According to new research, while many men once spent November cultivating a cracking moustache, more are now opting to use this chilly month to banish their man-boobs instead.
The new trend, dubbed 'Moobember' has taken the UK by storm in recent years, with men of all ages seeking cosmetic treatment to rid themselves of their 'moobs or 'moobies'' in time for the Christmas.
As the festive season approaches, a consultant plastic surgeon has revealed in the news he sees an annual rise in the amount of men having cosmetic procedures which make them appear in better shape before the onslaught of socialising, late nights and parties begins.
It's true that November is actually the key month for men with male breasts because it's too late to get toned in the gym. Now the festive season starts in early December, many male patients realise they need a quicker-fix in the run-up to Christmas and New Year. They want to look their best, so the less invasive the procedure, the quicker the recovery.
With plenty of non-surgical treatments available, treating men with 'moobs' can be simple and pain-free- and I'd imagine much quicker than growing a moustache. (I know this because my other half struggles to grow facial hair to begin with.. but anyway..)

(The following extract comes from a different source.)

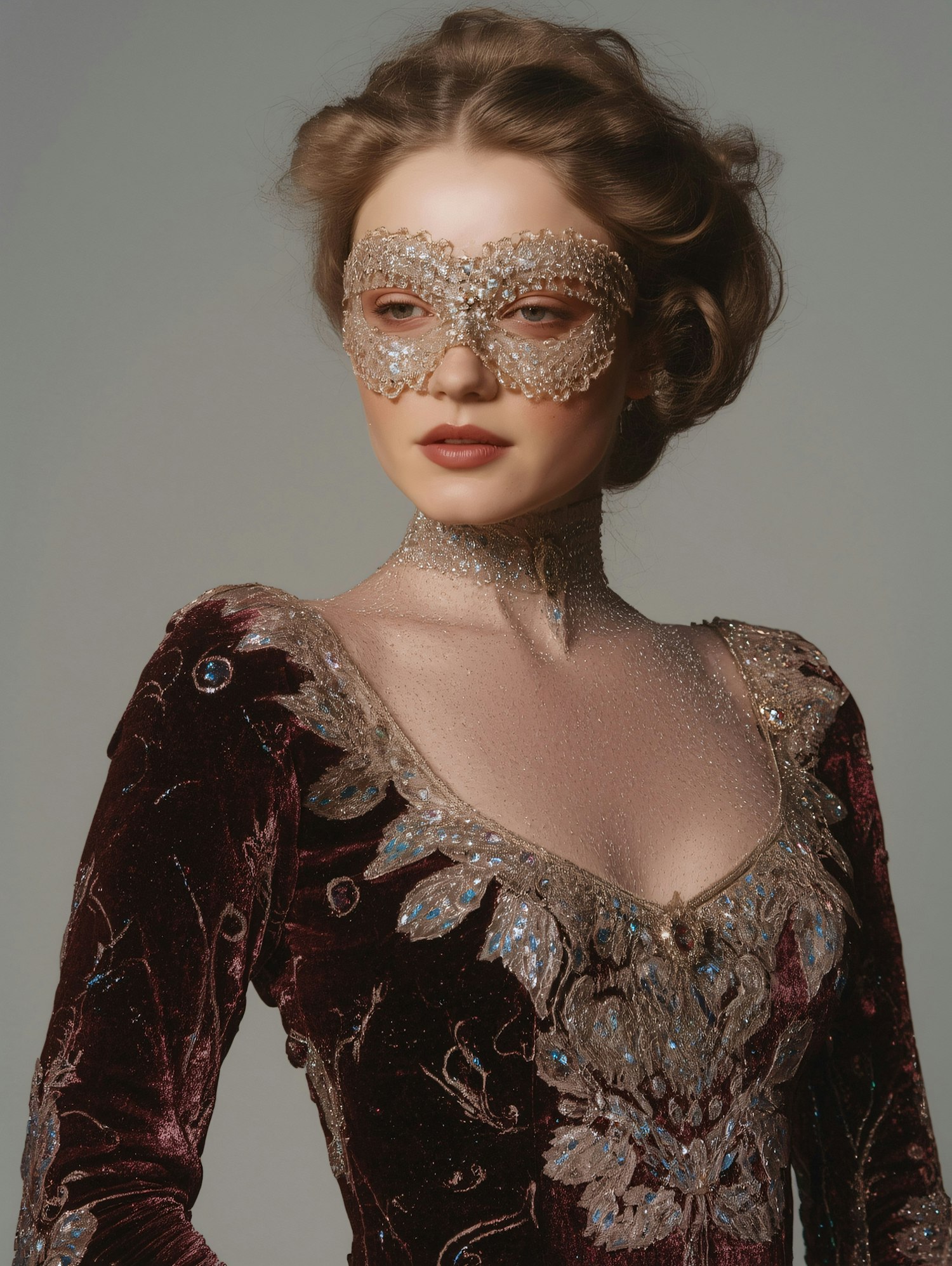 A woman in a detailed velvet gown and jeweled mask, styled for a masquerade, exudes elegance and mystery against a neutral backdrop.

The issue of man boobs, properly known as gynaecomastia, can be divided into two basic types - 'true gynaecomastia', where the breast like appearance is caused by an excess of glandular tissue, often caused by over-exposure to certain hormones, and 'pseudogynaecomastia', which is due to fatty tissue. If the problem is 'pseudogynaecomastia' it can be treated using combined radiofrequency and ultrasound technology, which non-surgically removes fat and tightens the skin. No downtime and no scars- in fact treatments like this can take just 4 hours over 4 weeks.
These findings support the 2013 figures from BAAPS which reported male breast reduction surgery had dropped by 18% in the UK- likely due to men seeking non-surgical alternatives. Man boobs don't bother everyone, and in most cases are harmless. You should speak to your GP if you're concerned about the size or tenderness of the breasts.